Rami contorti che sembrano prendere vita,
atmosfere glaciali, echi spettrali da cui provare a fuggire, in un bosco tortuoso
e sconfinato, senza alcun colore se non un viola gelido e piangente.
Benvenuti nel mondo degli Esben And The Witch, trio di Brighton con un nome
ispirato a un noto fairy tale danese.
Un mondo a tinte fosche, animato da una nostalgica vocazione a un romanticismo quasi
religioso e da un compiaciuto gusto del tetro, tra simboli esoterici, incantesimi
e ambientazioni sospese tra il fantasy
e il noir.
Questo è il fascino mistico di "Violet Cries", il loro album d'esordio. Rachel Davies si
propone di essere l'ennesima streghetta, nella lunga storia delle
contaminazioni gotiche in ambito pop. Il suo è un canto severo, a volte
liturgico, ma sempre freddo, quasi anestetizzato e dolente. Dream-pop il loro o piuttosto nightmare-pop, come essi stessi amano
definirlo? Questi Esben si collocano precisamente al confine tra tipiche
suggestioni dreamy, dall'incedere
languido, colmo di escursioni oniriche, quasi sospese nel nulla (leggi Cocteau Twins) e
divagazioni citazioniste radicate in luoghi ancestrali, tra mito e leggenda, che
sembrano fatti della stessa materia degli incubi (leggi l'immancabile, quando
si tratta di dark-pop al femminile, Siouxsie). Un
sottobosco completato dalla freddezza quasi avvolgente di sonorità non troppo
celatamente bjorkiane, e da quel
fare sempre dimesso e cupo à-la Portishead, anche se,
relativamente a entrambi i riferimenti, qui l'uso dell'elettronica è dosato al
minimo.
Lugubri rintocchi, lontani e poi vicini, pulsazioni sempre più opprimenti, che sfociano
in un caos squarciante e vorticoso, aprono l'iniziale "Argirya", per poi
trastullarsi nel canto etereo e tormentato della Davies.
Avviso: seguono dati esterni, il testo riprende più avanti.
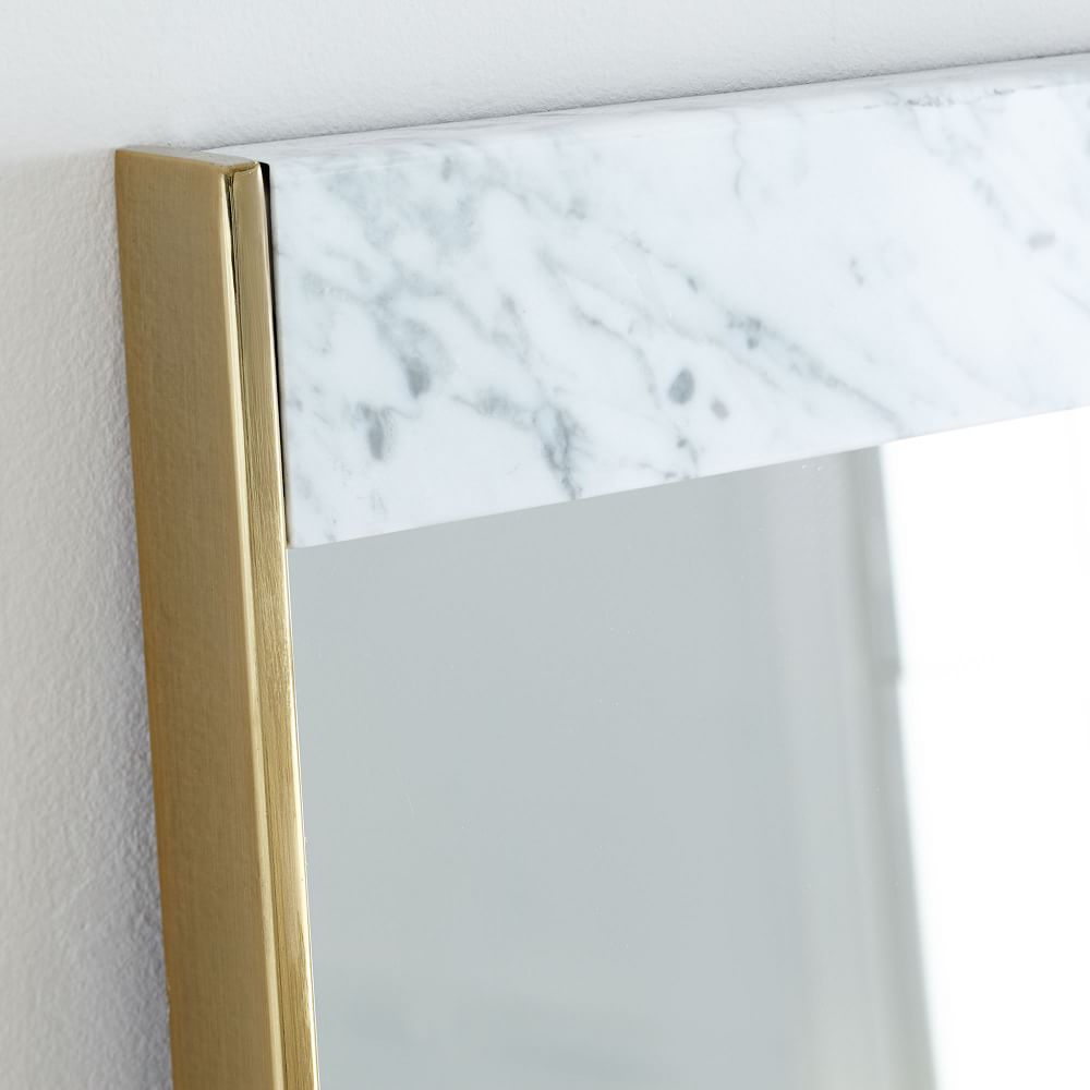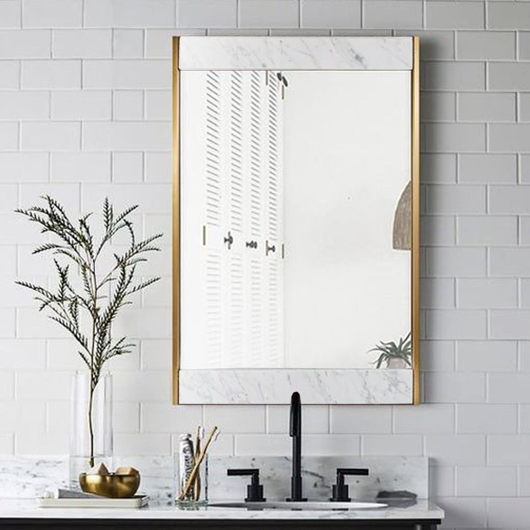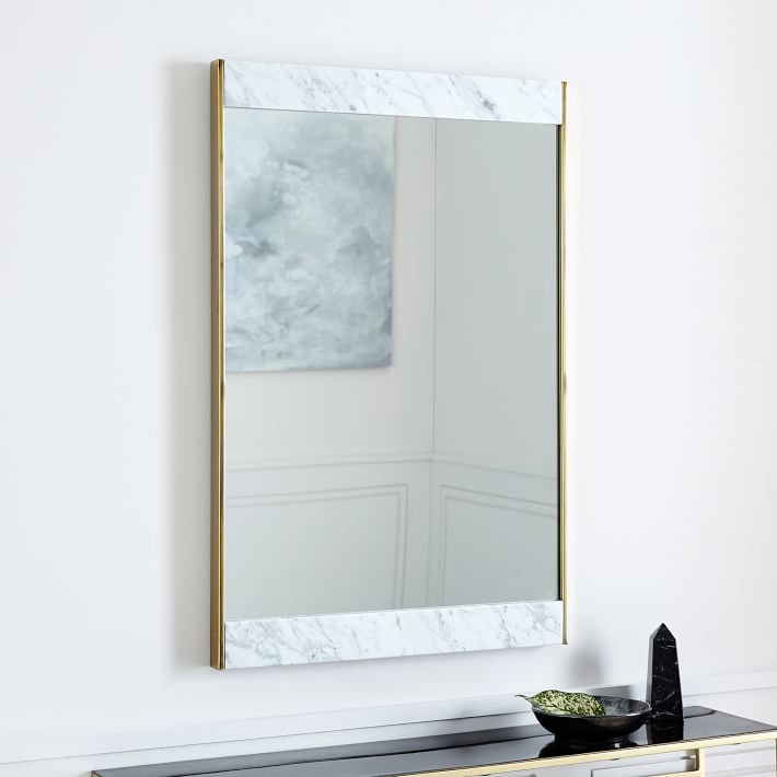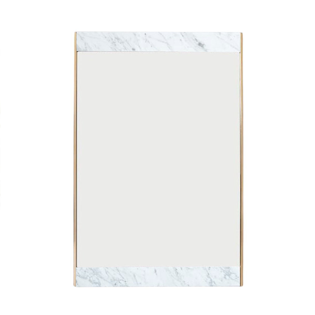 Marble meets metal to make the perfect combination that will spruce up your space with a mid-century modern twist. This piece emphasizes on enlarging spaces by diffusing natural light, and enhancing interiors with its complementing textures and materials. The unframed top and bottoms edges create a refined transition from the walls to the mirror.
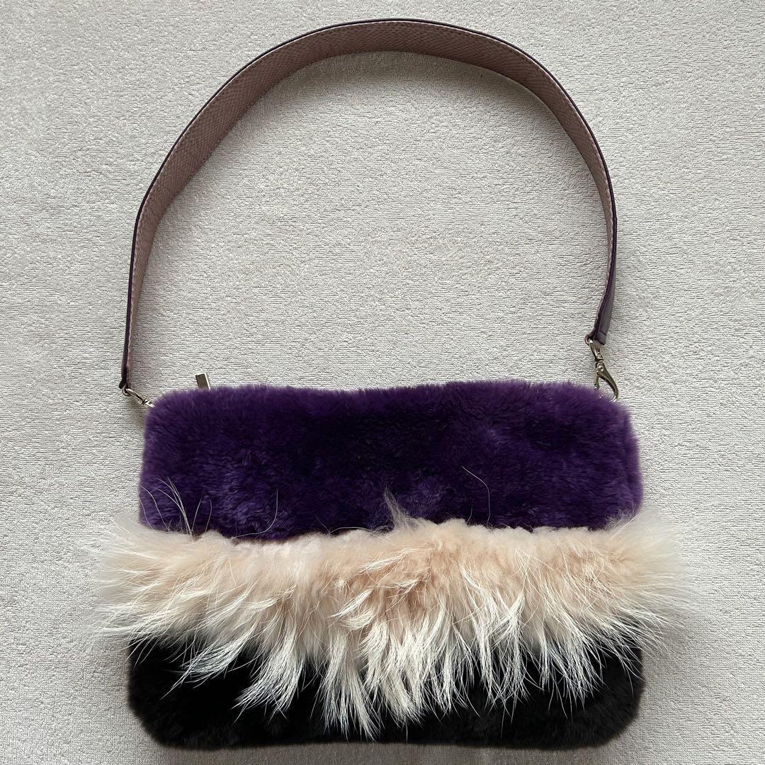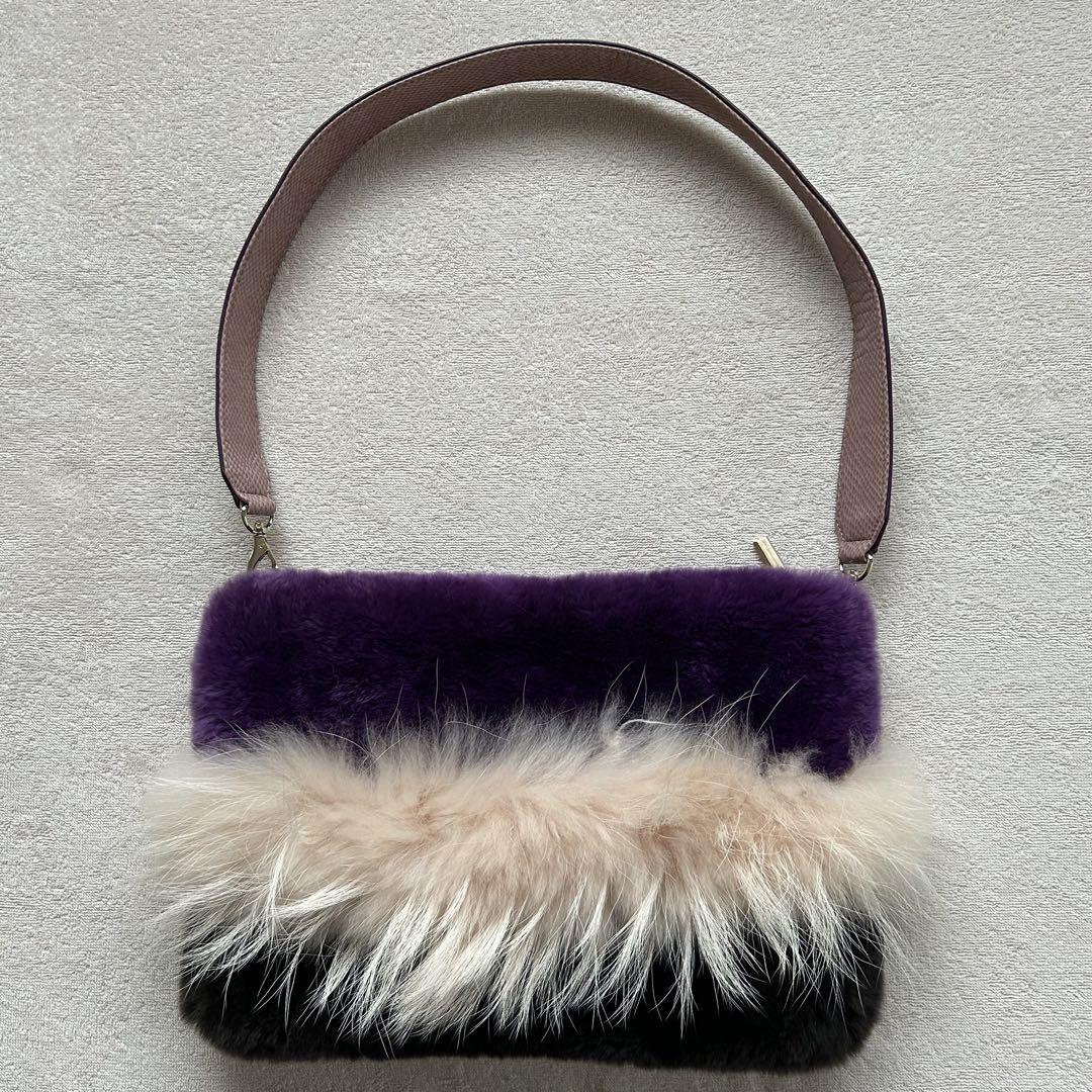 配色が魅力のファーバッグです。毛質の違うレッキスラビットとチャイニーズラクーンリアルファーを使用し、ふわふわの手触りに加え秋冬注目のカーキをメインにしたカラーイメージがたまりません。小さすぎず大きすぎないサイズ感も使いやすさです。一点投入するだけでオシャレ度をUPしてくれます!
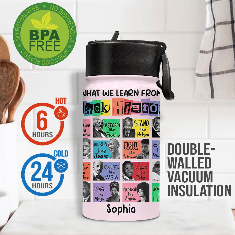 Ce que nous apprenons sur l'histoire des Noirs - Gourde personnalisée pour enfants afro-américains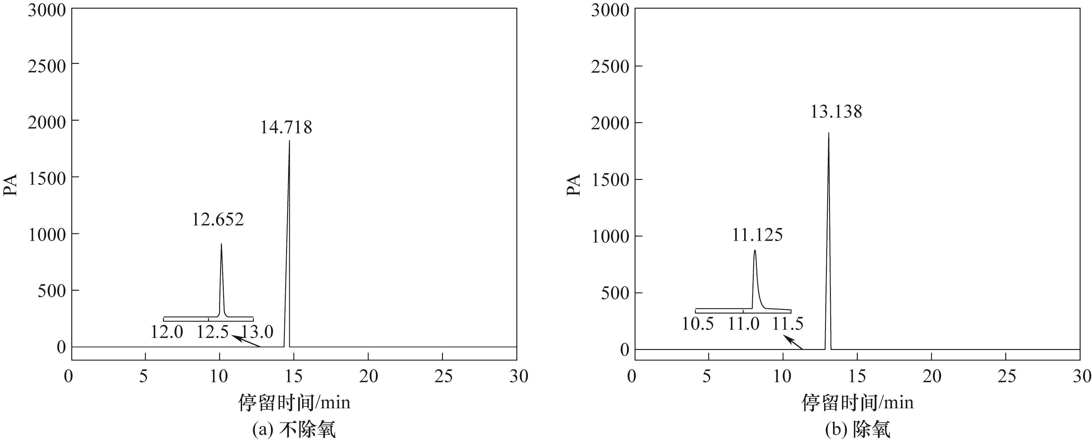 Fig.3 The gas chromatograms of the products after the reaction of amine solution in normal heating (a), heating in air (b) and deoxygenation heating (c) were obtained respectively

Tensione allucinante
che si quieta senza troppo tranquillizzare. L'epica cadenza dell'austera
"Marching Song" è trepidazione ansiogena, dramma, pathos. Liquide note
con chitarra à-la Red House
Painters aprono la celestiale "Marine Fields Glow", mentre "Light Streams"
è il pezzo più drammatico e teatrale del disco, con i suoi impetuosi
andirivieni, le sue mutazioni inafferrabili, e quella voce spaventata, quasi da
invocazione.
Le pulsazioni minimali tintinnanti tra riverberi sfuggenti e obliqui, come sinistre folate di
vento, fanno assomigliare "Hexagons IV" a un oscuro rituale che si consuma
lentamente fino a sublimarsi con insana e convulsa agitazione in "Chorea",
prima di piombare nel baratro. La nebbia non accenna ad andarsene, e così anche
"Warpath", con quel riff quasi regale, sembra sdoppiarsi magicamente,
come aria evanescente. La destrutturazione prosegue in maniera ancora più
violenta in "Eumenides", i cui pezzi si compongono e ricompongono come magma
disorientante, tra salmodie quasi litaniche, glitch spiazzanti e
travolgente chiusura electro. La
desolazione di ciò che resta è raccontata con elegante mestizia nella
conclusiva "Swans", sorta di epilogo in languida dissolvenza, tra redenzione e
disperazione.
"Violet Cries" è un disco dal fascino quasi segreto, mitologico, ricco di atmosfere
incantate e inquietudini remote ma sempre vive.